Retype the listing below line for line, but only from the line with "Selamat atas keberhasilan" down to the line with "Тотальный сбой затронул", inclusive. Pictures stay out.

Data for review |
== Segment start ==
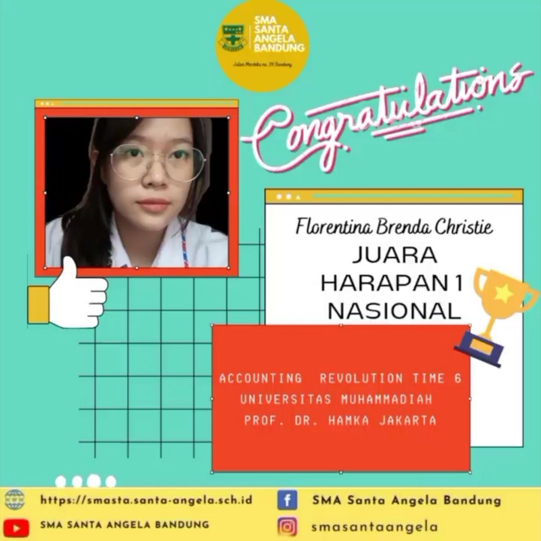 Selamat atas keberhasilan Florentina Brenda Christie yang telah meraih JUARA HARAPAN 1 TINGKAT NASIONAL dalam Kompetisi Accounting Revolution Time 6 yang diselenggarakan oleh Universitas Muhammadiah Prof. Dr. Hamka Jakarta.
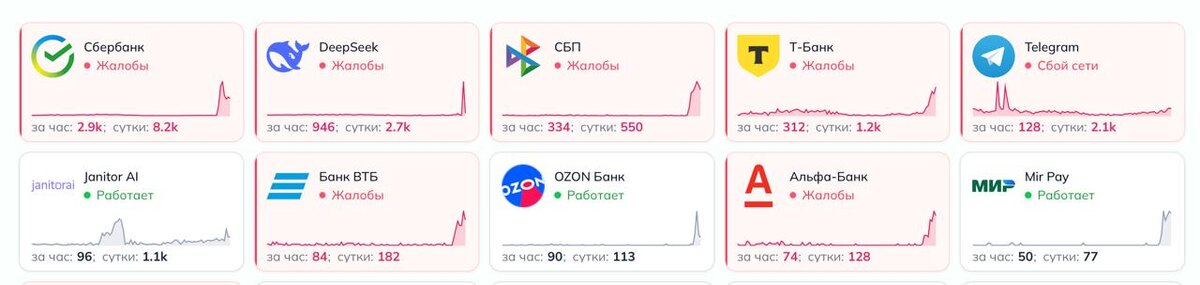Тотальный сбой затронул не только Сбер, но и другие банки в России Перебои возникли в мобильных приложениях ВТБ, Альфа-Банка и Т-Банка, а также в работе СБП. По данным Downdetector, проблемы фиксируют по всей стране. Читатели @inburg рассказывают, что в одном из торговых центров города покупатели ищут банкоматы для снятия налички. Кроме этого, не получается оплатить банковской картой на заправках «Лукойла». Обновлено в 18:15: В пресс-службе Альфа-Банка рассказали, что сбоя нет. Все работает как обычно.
== Segment end ==
== Segment start ==
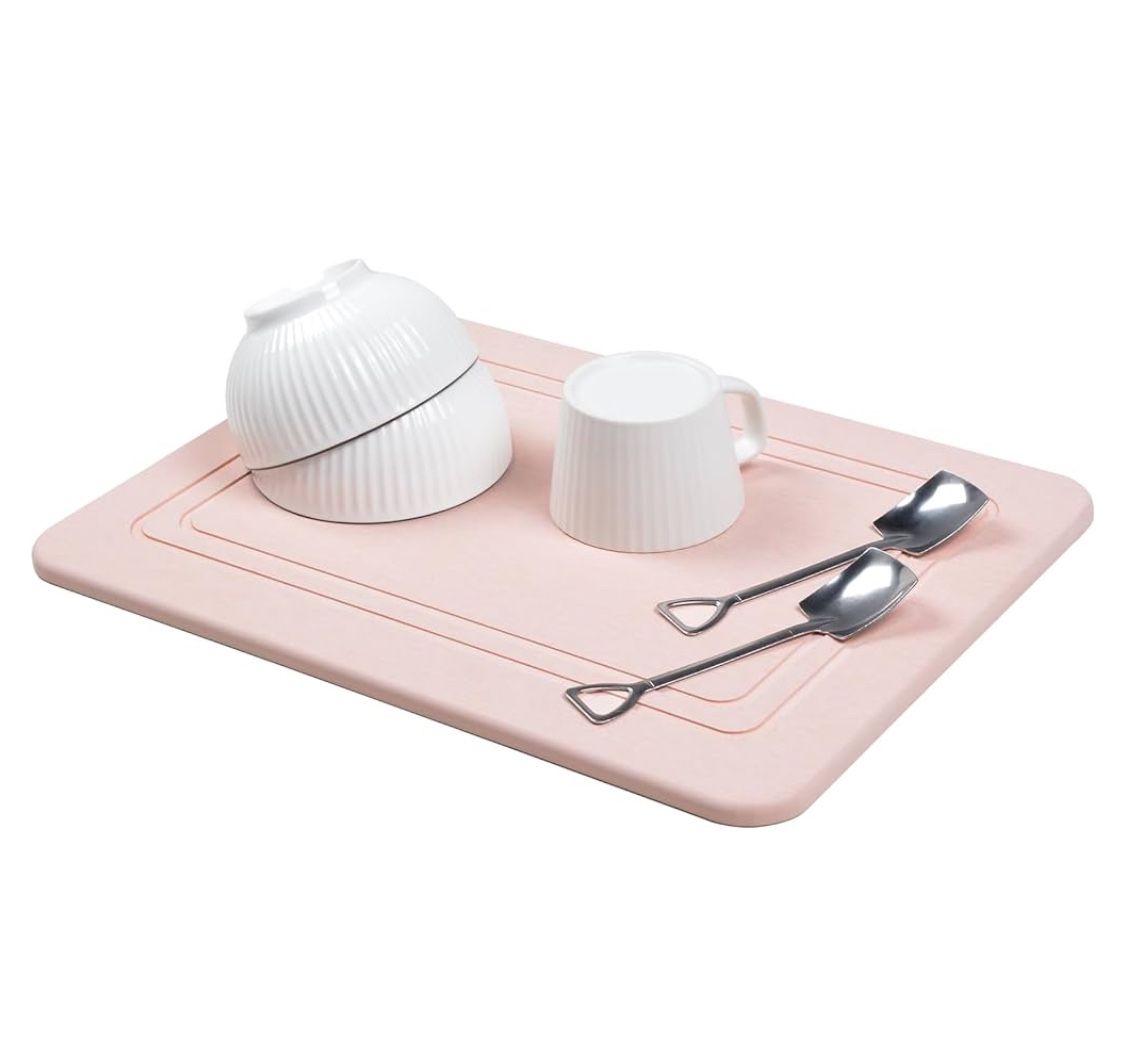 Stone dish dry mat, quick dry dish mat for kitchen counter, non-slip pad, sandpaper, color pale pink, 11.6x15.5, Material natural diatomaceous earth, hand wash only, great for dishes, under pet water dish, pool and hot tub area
== Segment end ==
Answer to this exercise |
 Selamat atas keberhasilan Florentina Brenda Christie yang telah meraih JUARA HARAPAN 1 TINGKAT NASIONAL dalam Kompetisi Accounting Revolution Time 6 yang diselenggarakan oleh Universitas Muhammadiah Prof. Dr. Hamka Jakarta.
Тотальный сбой затронул не только Сбер, но и другие банки в России Перебои возникли в мобильных приложениях ВТБ, Альфа-Банка и Т-Банка, а также в работе СБП. По данным Downdetector, проблемы фиксируют по всей стране. Читатели @inburg рассказывают, что в одном из торговых центров города покупатели ищут банкоматы для снятия налички. Кроме этого, не получается оплатить банковской картой на заправках «Лукойла». Обновлено в 18:15: В пресс-службе Альфа-Банка рассказали, что сбоя нет. Все работает как обычно.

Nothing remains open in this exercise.